◆ Record extracts
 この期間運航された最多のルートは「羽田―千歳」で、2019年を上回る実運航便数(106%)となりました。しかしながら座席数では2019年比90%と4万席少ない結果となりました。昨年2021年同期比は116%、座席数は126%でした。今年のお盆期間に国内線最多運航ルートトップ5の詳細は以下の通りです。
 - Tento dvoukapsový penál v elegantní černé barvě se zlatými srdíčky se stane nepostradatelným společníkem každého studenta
--
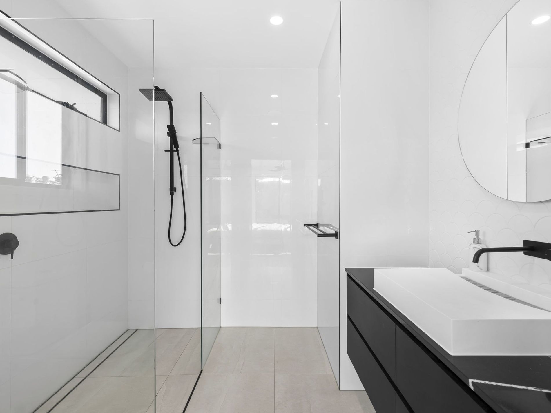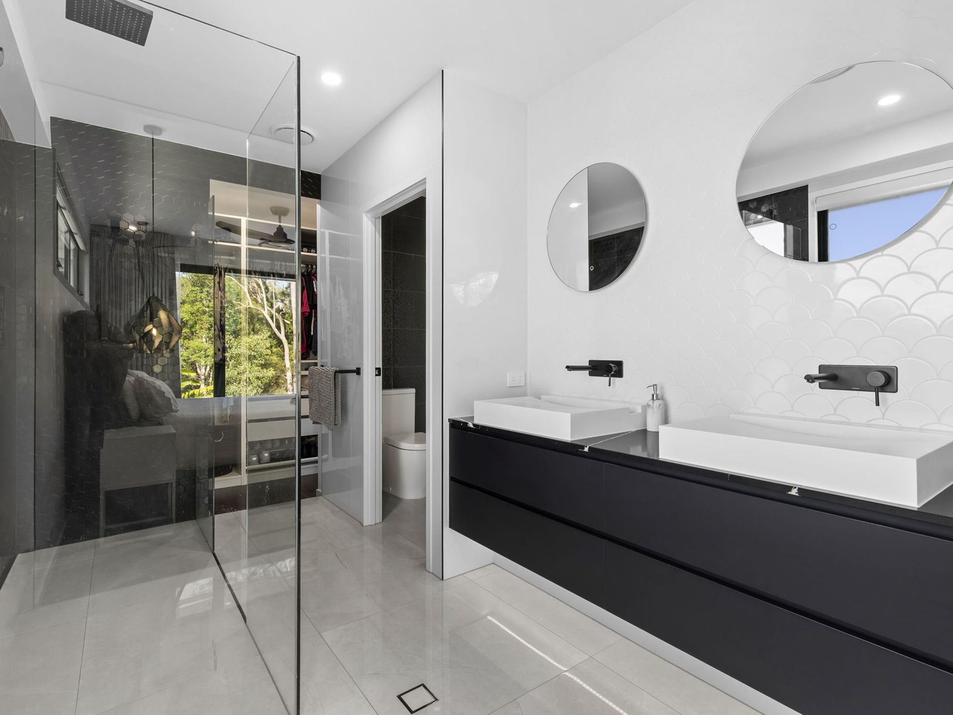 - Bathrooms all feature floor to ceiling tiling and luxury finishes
* * *
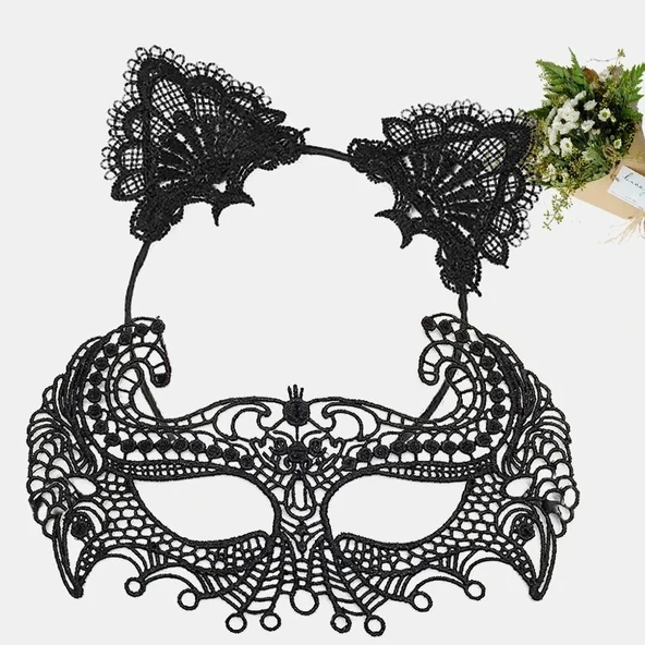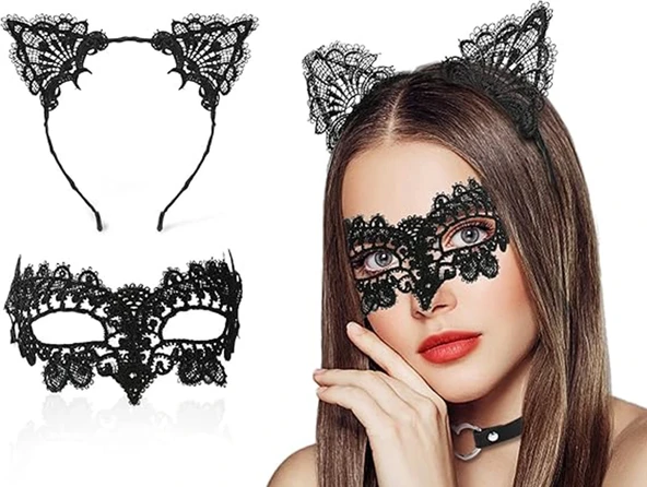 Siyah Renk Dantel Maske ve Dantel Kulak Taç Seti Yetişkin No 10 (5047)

◆ Work required
Using the data above, transcribe the lines that run from the line with "この期間運航された最多のルー" to the line with "- Tento dvoukapsový", both ends kept, and output nothing else.

◆ Written reply
 この期間運航された最多のルートは「羽田―千歳」で、2019年を上回る実運航便数(106%)となりました。しかしながら座席数では2019年比90%と4万席少ない結果となりました。昨年2021年同期比は116%、座席数は126%でした。今年のお盆期間に国内線最多運航ルートトップ5の詳細は以下の通りです。
 - Tento dvoukapsový penál v elegantní černé barvě se zlatými srdíčky se stane nepostradatelným společníkem každého studenta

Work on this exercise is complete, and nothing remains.